Melissa Norris on January 30, 2018

Unfortunately, you will no longer get a student loan from the US Bank. They do not offer both federal and private loans. After a federal government announcement in 2012 that private loans would not enjoy federal guarantee, the US Bank stopped offering student loans. When US Bank offered loans, you could get two types of loans; Fixed-Rate US Bank loan and No-fee US Bank loan for students. The primary difference between both was that the latter had a variable interest rate. However, the problem is that you don’t get these loans anymore.

Though the US Bank stopped offering loans, it still offers some help to student loan seekers. On their website, it is possible for students to find information that is helpful in finding and deciding on appropriate loans. By reading the tips for students on their website, you can learn how to manage your money, how to get education loans, and how to pay your college fees in different ways.

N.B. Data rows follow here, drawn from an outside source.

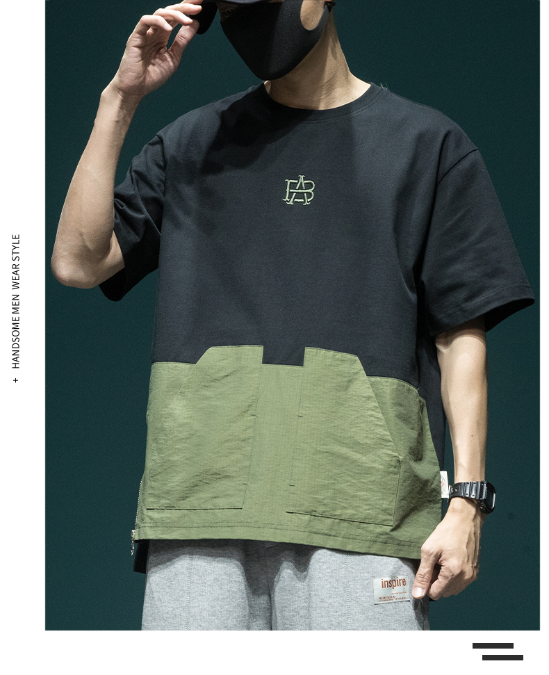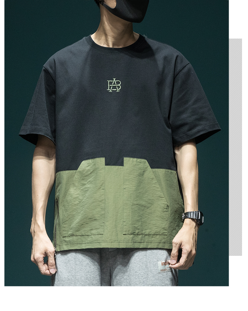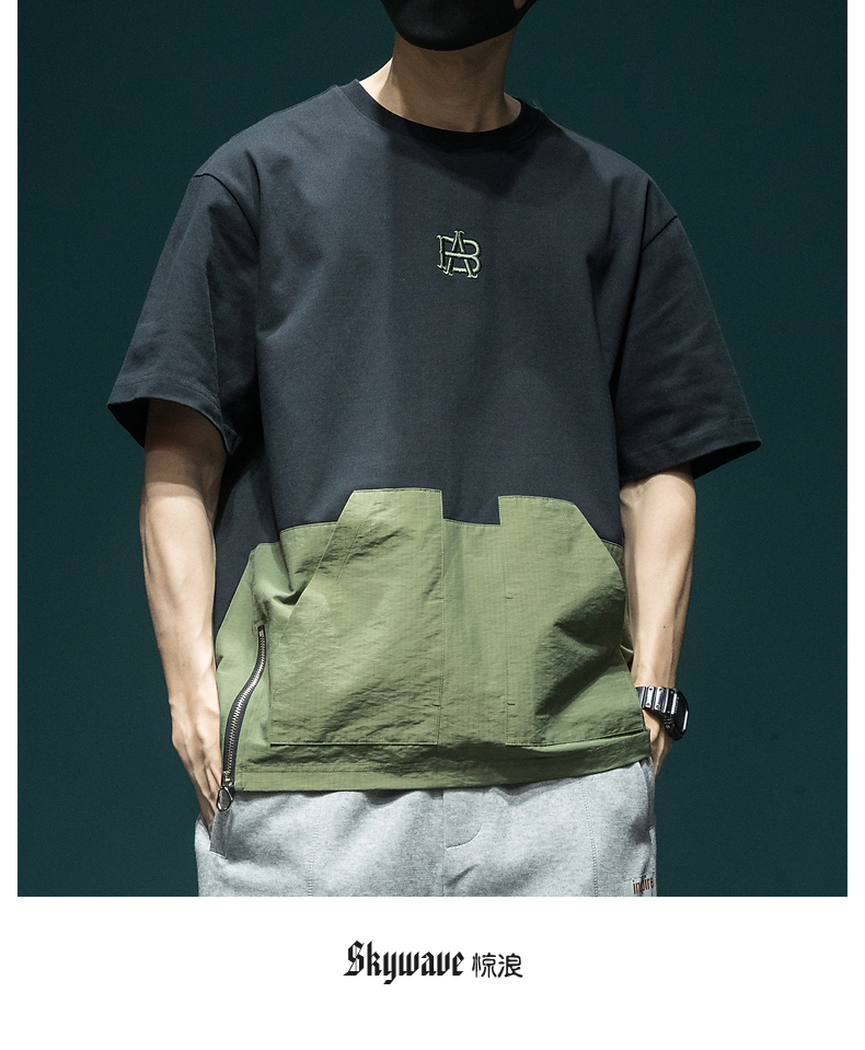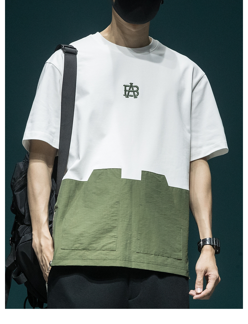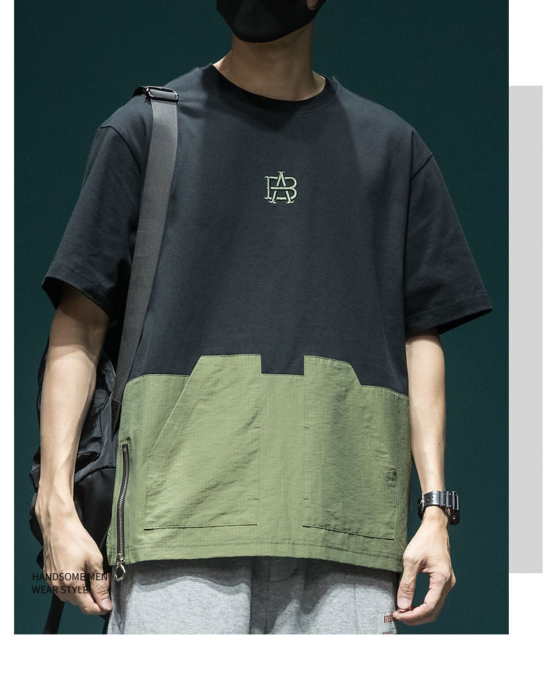 撞色拼接設計感工裝短袖男日系復古寬鬆大尺碼胖子口袋休閒圓領T恤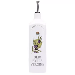 Opis Linii Naczynia kuchenne z kolekcji Conserva to wysokiej jakości porcelana Premium, która zachwyca niewymuszoną elegancją i stylizacją vintage, dodającą Twoim wnętrzom iście rustykalnego klimatu. Piękne zdobienia bez trudu pomagają odgadnąć zastosowanie poszczególnych pojemników. Ponadczasowa porcelana przeniesie Cię w świat małego, toskańskiego miasteczka, skąpanego w słońcu i urzekającego czarem małych, swojskich uliczek i domostw. Szczegółowy opis produktu Kwadratowa butelka na olej z wygrawerowanym napisem i oliwkami jest idealna do przechowywania i serwowania oleju oraz oliwy podczas codziennych posiłków.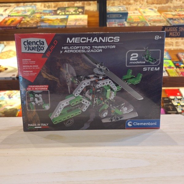Un kit científico para descubrir para descubrir todos los secretos de la aerodinámica. Con dos modelos para construir: un helicóptero y un aerodeslizador, los niños podrán descubrir cómo funciona los mecanismos de transmisión. Contiene más de 130 componentes intercambiables.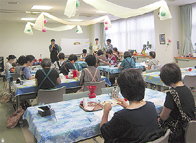 「アロハ」と名付けたのにも意味が。若い世代から年配の人まで「ハワイ好きな人が本当に多くて」と日頃、同ケアプラザで働くスタッフは話す。穏やかで温かいイメージがあり、世代問わず共通の話題に上がることの多いハワイをカフェのイメージに決め、名前を元気に呼びかける「アロハ」にした。フロアも南国の雰囲気たっぷりに仕上げ、フラダンス披露など、イベントの企画もしている。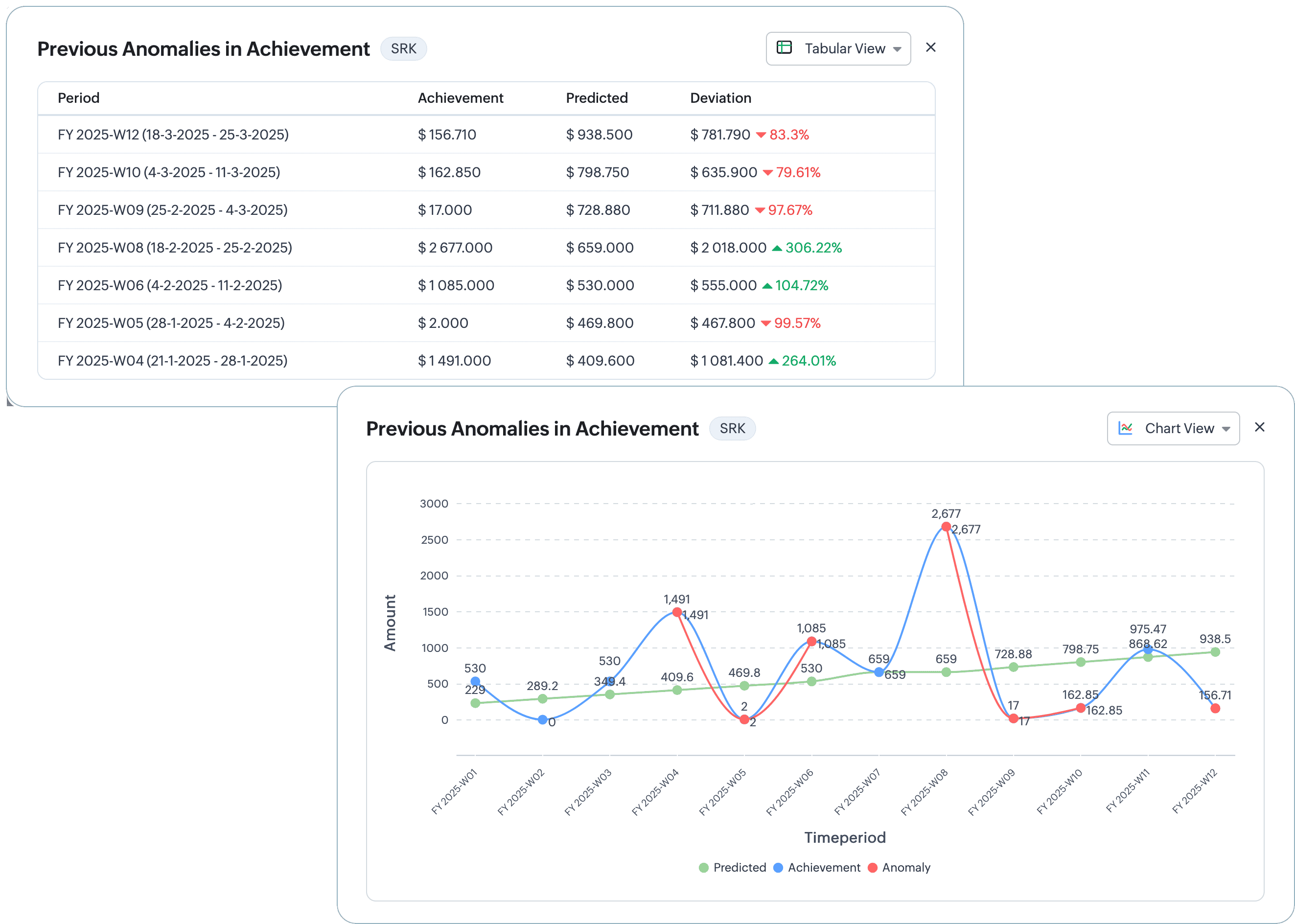 これらは、売上予測レポートのパフォーマンス管理に役立つ異常検知機能のほんの一例です。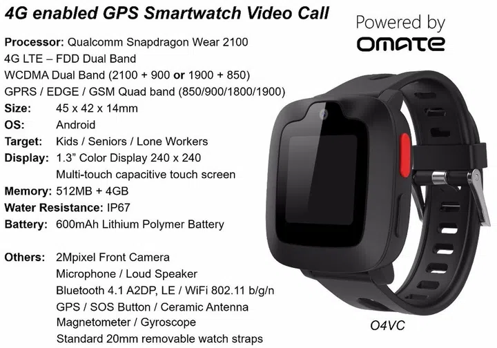 The design and usage of the Omate O4VC are simple since it’s catered for children, elderly folks, and skilled work in remote areas. As such, the smartwatch also packs GPS, and the combination of that with 4G and Wi-Fi hotspots allow the device to triangulate the wearer’s physical location. For further assistance, the watch also comes with 24/7 emergency services, although Omate did not expand on that point.

So it is clear that you have to find other options. What are they? The first, and, in fact, the most important, is filling out FAFSA. What is FAFSA? It stands for Free Application for Federal Student Aid. In order to understand and be eligible for all types of federal student aid like PLUS loans, Perkins Student Loans and Direct Stafford Loans, this is the easiest way. FAFSA will decide what aid best suits your application. So this is the first option a student loan seeker should explore.

If you are not eligible for a federal student loan, you can try a loan from a private lender. However, it is important for you to take so many things into consideration before finalizing the deal. Firstly, you should compare the interest rates of many lenders before deciding which bank offers the lowest interest rates. After that, it is also important to check whether you are going to get a grace period because it is not easy to start student loans repayment if you fail to get employment and your financial situation is weak. Secondly, you should also check whether the bank allows you to defer your private loan to pursue college education if you enter further study or face any financial hardship. Moreover, you should check whether the bank will charge you interest for the grace period and deferment period. And if they charge for the same, you need to check whether that is added to the principal amount or appears in the form of a balloon payment at the end of the loan term. Finally, make sure that the installments are not too high for you to afford.

Caleb Jenkins2 years ago

Being a person who experienced the issues associated with taking out college education private loans and repaying student loans, I would suggest that a private loan should be your last resort. Even if you are forced to have a private student loan, don’t be disheartened; you can still try to consolidate and refinance your private loan. I have seen a few of my friends trying to do so but I understood from them that your chances of success in refinancing depend on your credit score, income, savings, and the degree you pursue. However, this is certainly worth trying because by consolidating and refinancing your loan, you can get lower interest rate and smaller monthly installments. A few banks that are useful for refinancing and consolidating are SoFi, CommonBond, Earnest, Laurel Road, Lendkey, and Citizens Bank. If you are trying to refinance
and consolidate an undergraduate or graduate school student loan, SoFi is the best option. It offers 5 to 20 year repayment options along with unemployment protection, career support and entrepreneur programs.